Detailed Description

Embodiments of the present invention will be described in detail below with reference to examples, but it will be understood by those skilled in the art that the following examples are only illustrative of the present invention and should not be construed as limiting the scope of the present invention. The examples, in which specific conditions are not specified, were conducted under conventional conditions or conditions recommended by the manufacturer. The reagents or instruments used are not indicated by manufacturers, and are all conventional products available on the market.

Definition of partial terms

Unless defined otherwise below, all technical and scientific terms used in the detailed description of the present invention are intended to have the same meaning as commonly understood by one of ordinary skill in the art. While the following terms are believed to be well understood by those skilled in the art, the following definitions are set forth to better explain the present invention.

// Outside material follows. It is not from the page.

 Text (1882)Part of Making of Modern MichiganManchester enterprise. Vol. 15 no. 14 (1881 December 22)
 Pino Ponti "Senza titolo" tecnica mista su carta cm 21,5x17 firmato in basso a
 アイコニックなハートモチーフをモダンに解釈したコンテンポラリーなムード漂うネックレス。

As used herein, the terms "comprising," "including," "having," "containing," or "involving" are inclusive or open-ended and do not exclude additional unrecited elements or method steps. The term "consisting of" is considered to be a preferred embodiment of the term "comprising". If in the following a certain group is defined to comprise at least a certain number of embodiments, this should also be understood as disclosing a group which preferably only consists of these embodiments.

Where an indefinite or definite article is used when referring to a singular noun e.g. "a" or "an", "the", this includes a plural of that noun.

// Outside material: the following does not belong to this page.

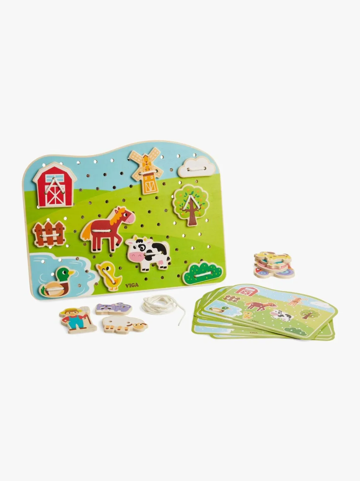 – Placér figurene på brættet og sæt dem fast med snoren.

The term "about" in the present invention denotes an interval of accuracy that can be understood by a person skilled in the art, which still guarantees the technical effect of the feature in question. The term generally denotes 10% of the soil, preferably 5% of the soil, deviating from the indicated value.

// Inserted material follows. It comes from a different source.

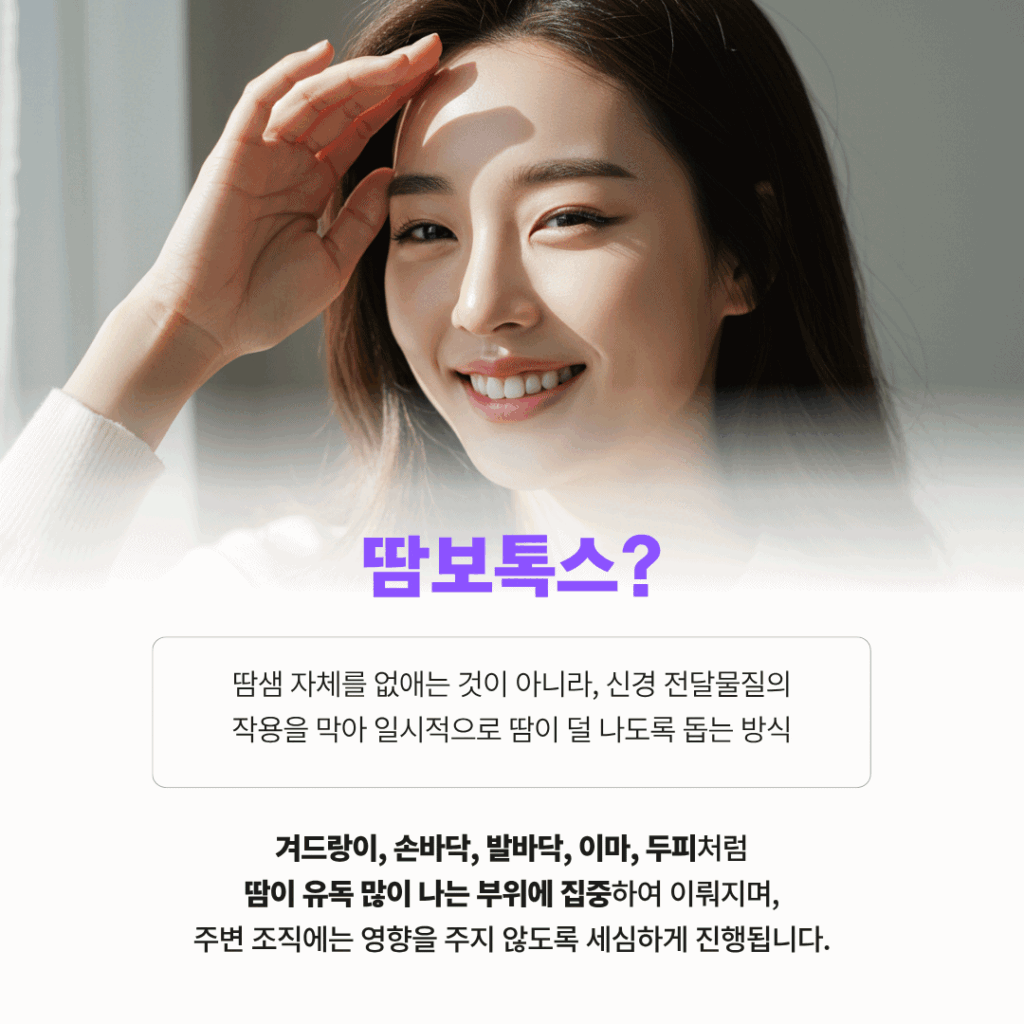 주변 조직에는 영향을 주지 않도록 세심하게 관리하죠. 이 점이 땀보톡스가 안전하고 효과적인 이유 중 하나입니다.

Furthermore, the terms first, second, third, (a), (b), (c), and the like in the description and in the claims, are used for distinguishing between similar elements and not necessarily for describing a sequential or chronological order. It is to be understood that the terms so used are interchangeable under appropriate circumstances and that the embodiments of the invention described herein are capable of operation in other sequences than described or illustrated herein.

The following terms or definitions are provided only to aid in understanding the present invention. These definitions should not be construed to have a scope less than understood by those skilled in the art.

The term "sequencing read sequence" in the present invention: the English language "read" or "reads" refers to a nucleic acid sequence or a set of nucleic acid sequences read by a sequencing platform.

The term "alignment result" in the present invention: the english term "alignment" refers to the correspondence between a sequencing read sequence and a reference sequence, and a sequencing read sequence can have multiple alignment results at the same time.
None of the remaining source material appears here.